A crimson flush overspread those pale clear cheeks. So much Ferdinand saw. She kept her gaze steadily away from him.

"What do you think of it, little one?"

She turned her head and looked up at her father, her eyes widely open.

"I think it monstrous! That old man! A man who has already lived a thousand lives to make his last mumbling meal of me who am just newly come into my womanhood! Monstrous! Unspeakably monstrous!"

"He is of a ripe age, certainly, is my cousin Maximilian. He is in fact fifty-eight, as I am. But he is still full of vigour, a leader of men, a great and renowned prince, and our most trusty ally. Once at least we had been in grave jeopardy but for his counsel and for his armies. Even now we are employing his men and generals in support of our Edicts."

"To slay peaceable burghers, burn their goods, throw down their houses, ravish their daughters! Say this rather!"

"My daughter!" said Ferdinand, and his voice became cold and haughty, "you forget! As a good son of the Church I am bound to extirpate that most pernicious root of heresy from all German lands. There can be no peace till this is done."

The Archduchess Stephanie had gauged her father's religious fanaticism and found it deep, deeper than any measuring-stick of hers. She did not sympathise with it. Like most women she was herself prone to the practices of religion, and in the conduct of life a pagan. She saw no benefit that could come out of the Edict of Restitution. To her mind, money, or goods, or lands were to pass out of the hands of very worthy industrious burghers to maintain lazy and often very dirty priests and monks. She thought it was barely possible, but still possible, for people to get to heaven somehow without them. The Emperor was quite satisfied that they could not. His intentions were sincere, and the Archduchess knew that it was useless to pursue the attack along this line.

"The fall of Magdeburg," she said, "might bring about some sort of alliance of all the Protestant powers. Brandenburg and Saxony at least must join Gustavus. Denmark, the United Provinces, may follow."

"The more reason have we to keep hold of such friends as we have by what entertainment we may."

"Have you so little faith in Maximilian that you should judge him capable of drawing off his men when he learns that I will not wed him?"

"I have always found Maximilian loyal to the Empire. But a friendship such as his should be requited."

"Then let him be requited with gold or with lands, but not with me. Let him draw off his men, his Pappenheim. Then send for the man who shall sweep Gustavus back to his ships, him for whom the Empire waits, him who alone can create armies at a word and lead them."

"Who _is_ this Achilles?" was the faintly ironical question of the Emperor.

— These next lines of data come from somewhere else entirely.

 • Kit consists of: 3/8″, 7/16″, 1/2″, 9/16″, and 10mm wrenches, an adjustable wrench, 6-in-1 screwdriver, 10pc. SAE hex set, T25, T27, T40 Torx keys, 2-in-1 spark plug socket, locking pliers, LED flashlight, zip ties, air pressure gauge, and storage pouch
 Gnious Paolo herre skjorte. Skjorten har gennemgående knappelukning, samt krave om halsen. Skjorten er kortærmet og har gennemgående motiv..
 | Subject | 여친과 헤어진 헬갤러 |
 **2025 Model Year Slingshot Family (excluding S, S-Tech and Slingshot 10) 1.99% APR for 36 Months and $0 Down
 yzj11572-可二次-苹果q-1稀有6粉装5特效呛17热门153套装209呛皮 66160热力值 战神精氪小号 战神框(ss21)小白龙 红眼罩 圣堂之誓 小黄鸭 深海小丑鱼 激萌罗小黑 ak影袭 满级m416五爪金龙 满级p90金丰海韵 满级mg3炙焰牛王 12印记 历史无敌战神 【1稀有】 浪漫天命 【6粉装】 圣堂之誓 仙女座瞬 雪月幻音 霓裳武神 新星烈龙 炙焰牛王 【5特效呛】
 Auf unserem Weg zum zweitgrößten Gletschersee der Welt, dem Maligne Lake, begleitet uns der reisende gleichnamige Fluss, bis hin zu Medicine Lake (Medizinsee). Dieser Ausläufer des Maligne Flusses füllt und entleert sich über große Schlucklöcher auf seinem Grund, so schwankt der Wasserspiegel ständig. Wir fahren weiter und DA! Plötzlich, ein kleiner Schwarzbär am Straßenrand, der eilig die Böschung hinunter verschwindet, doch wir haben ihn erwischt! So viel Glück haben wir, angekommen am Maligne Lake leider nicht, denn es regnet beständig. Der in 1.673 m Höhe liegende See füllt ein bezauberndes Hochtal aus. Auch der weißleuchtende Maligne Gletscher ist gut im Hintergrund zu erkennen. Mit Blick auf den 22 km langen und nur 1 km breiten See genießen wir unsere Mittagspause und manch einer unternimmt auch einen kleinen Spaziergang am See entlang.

"Who but Albrecht von Waldstein?" was the instant, almost triumphant, answer of the Archduchess. She had risen to her feet and faced him with it, voice and gesture and eyes aglow with a conviction that betrayed an intense energy of desire behind it. The Emperor gazed at her with his pale scrutinising eyes, in which was no enthusiasm.

"My dear Stephanie," he said in his half-wearied tone, "if Wallenstein were not a man of middle age, who has married a second wife, one might almost suspect that you were enamoured of him."

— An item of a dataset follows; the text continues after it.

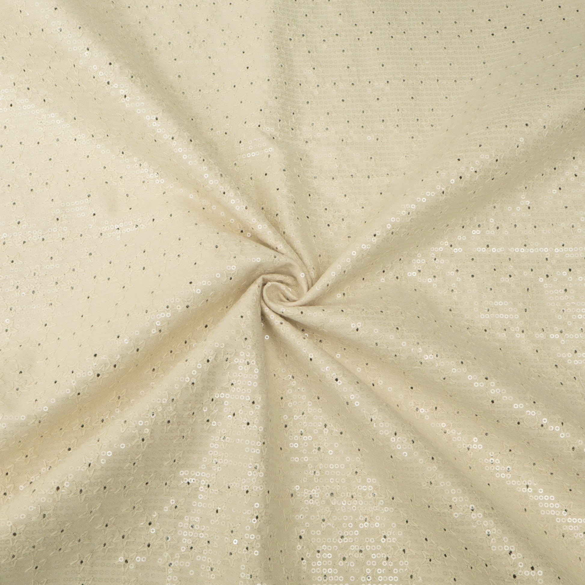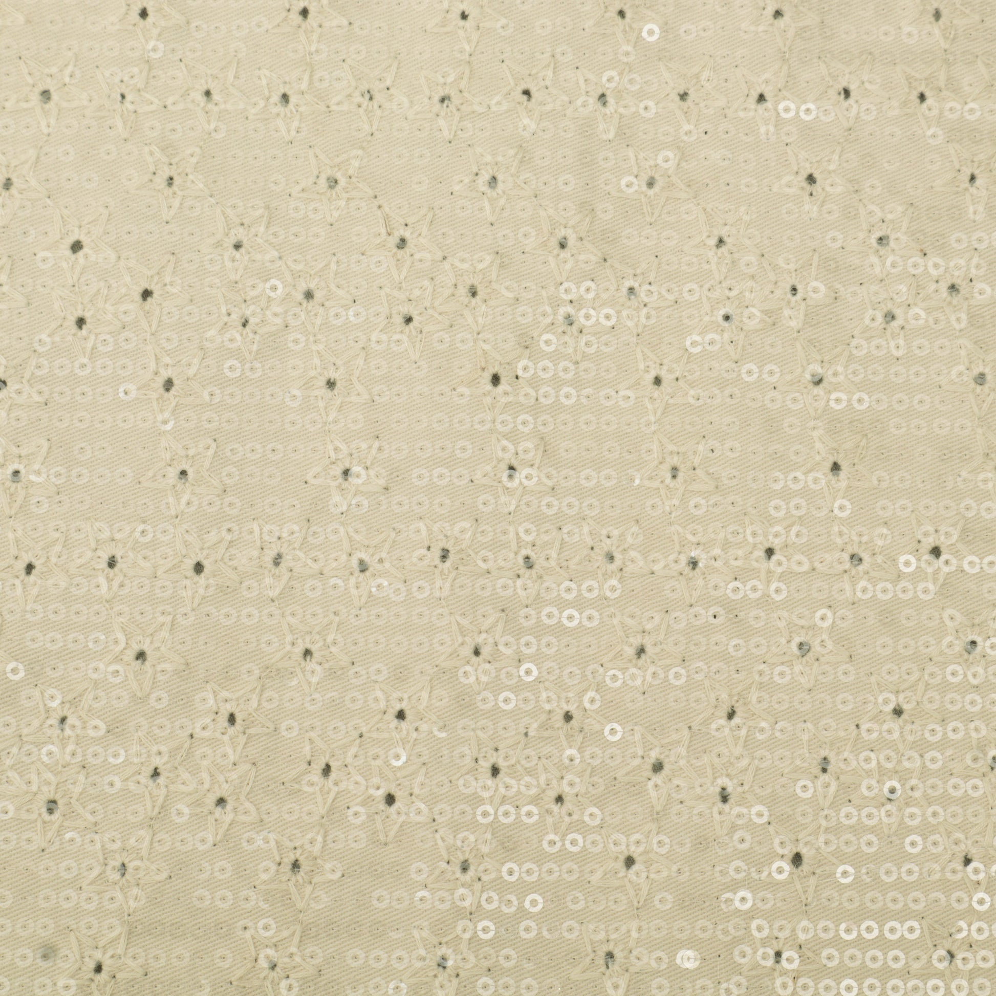 Beige Sequins Denim Embroidery

She held herself erect, looking at the Emperor, but her eyes were upon a vision far beyond. She said nothing, for the Emperor had not made an end. He had dealt her this thrust of scorn. Now he assailed her with reason.

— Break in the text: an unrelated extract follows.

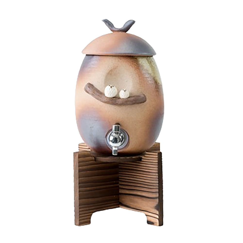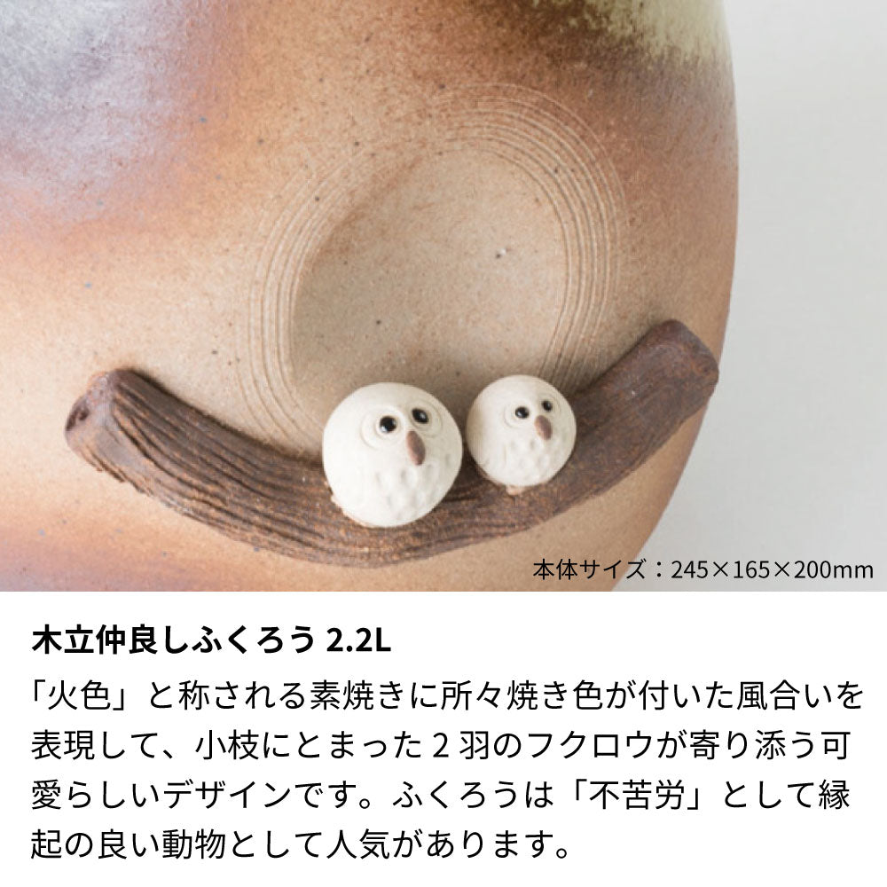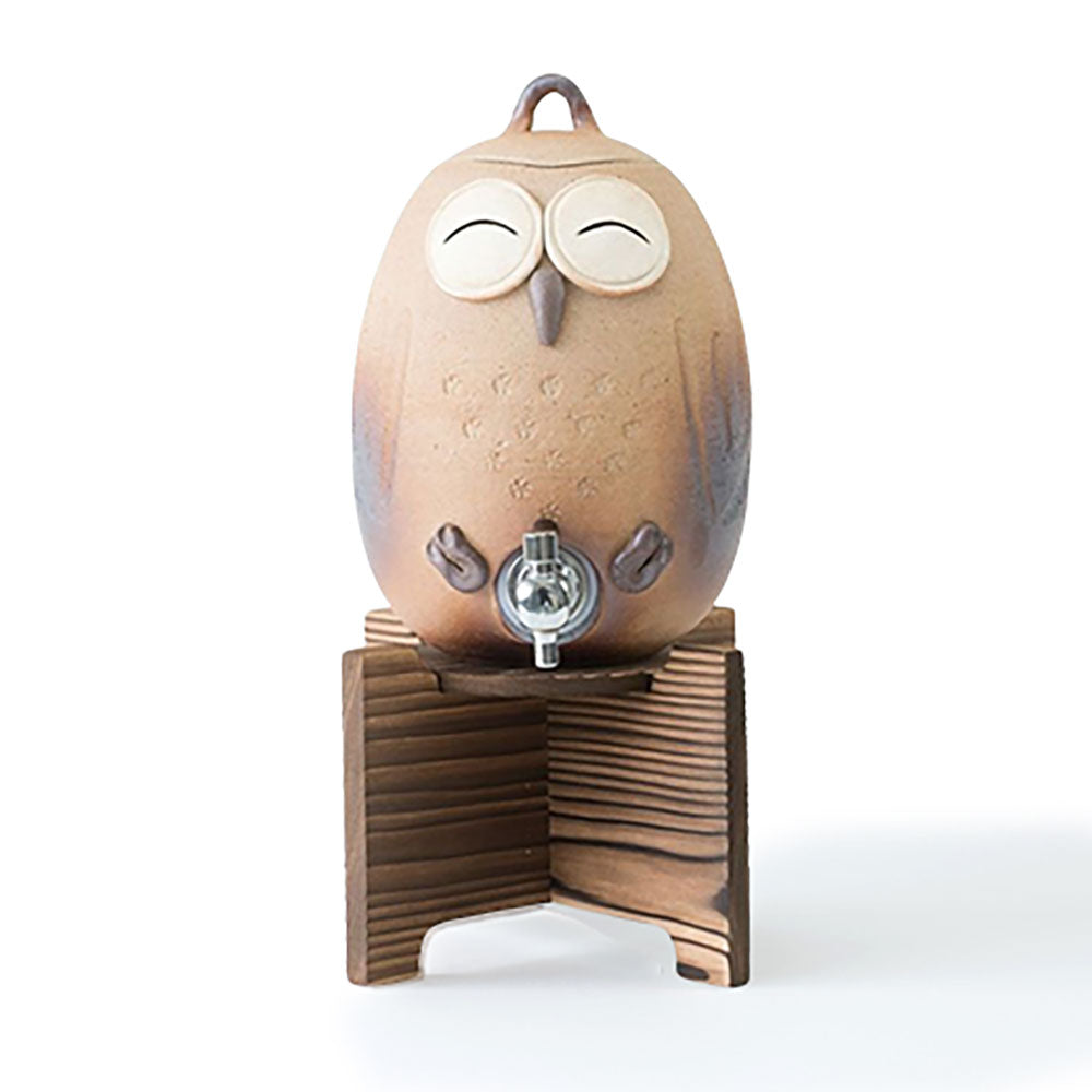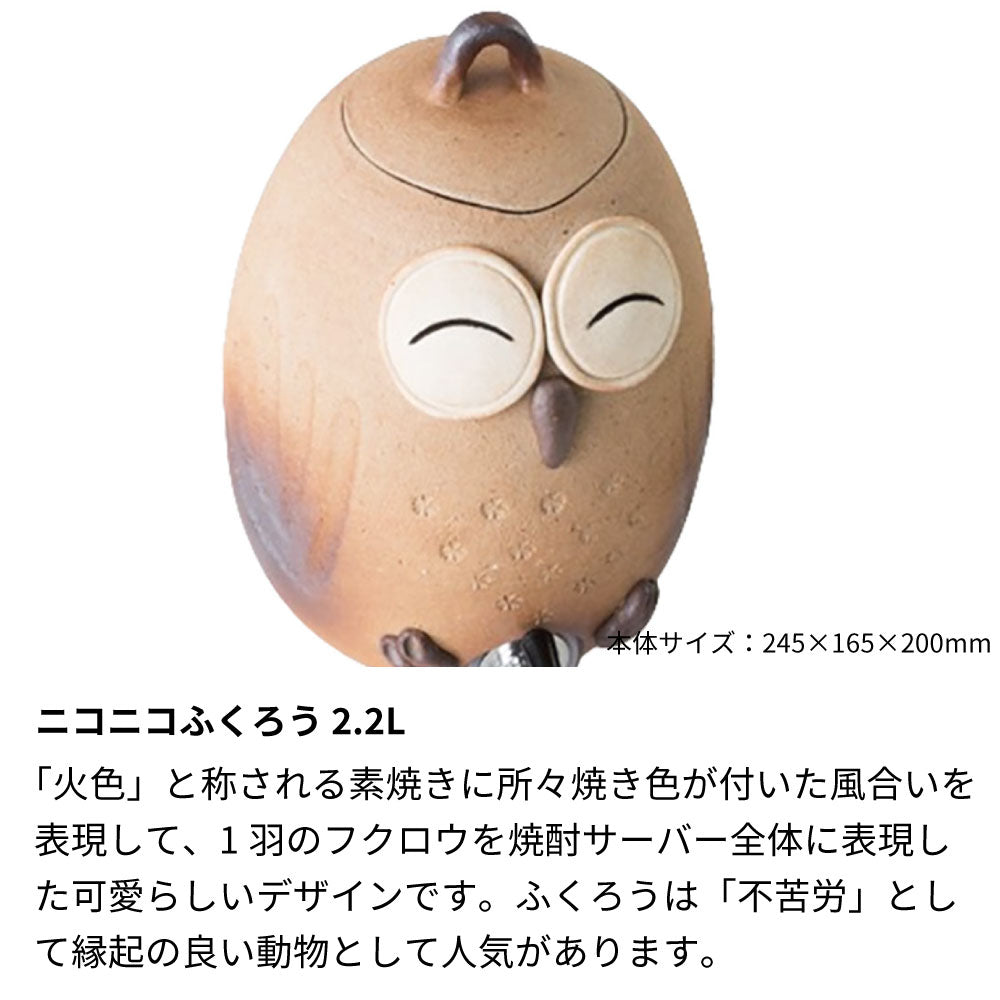 「火色」と称される素焼きに所々焼き色が付いた風合いを表現して、1羽のフクロウを焼酎サーバー全体に表現した可愛らしいデザインです。ふくろうは「不苦労」として縁起の良い動物として人気があります。

"It is a year since, on the Elector's day at Regensburg, they clamoured one and all for Wallenstein's dismissal. They urged that he was become too powerful for a subject."

"Maximilian's jealousy!" she interposed.

"Maximilian was one amongst many! I judged the advice sound. I dismissed Wallenstein. My foes were beaten down. There was no need to maintain an army of seventy thousand men in the field to nourish the ambition of a general. It is enough, Stephanie. No good can come of princesses meddling in politics. Look to it that you entreat not our cousin Maximilian slightingly, or even with less than the graciousness that becomes a princess. I am too indulgent. The affair can wait till it be considered further. You would not be the first princess of the house of Habsburg to wed without love. Therefore make no grievance of it!"

He held out his hand, which the Archduchess bent over and kissed, and she left the Emperor once more alone.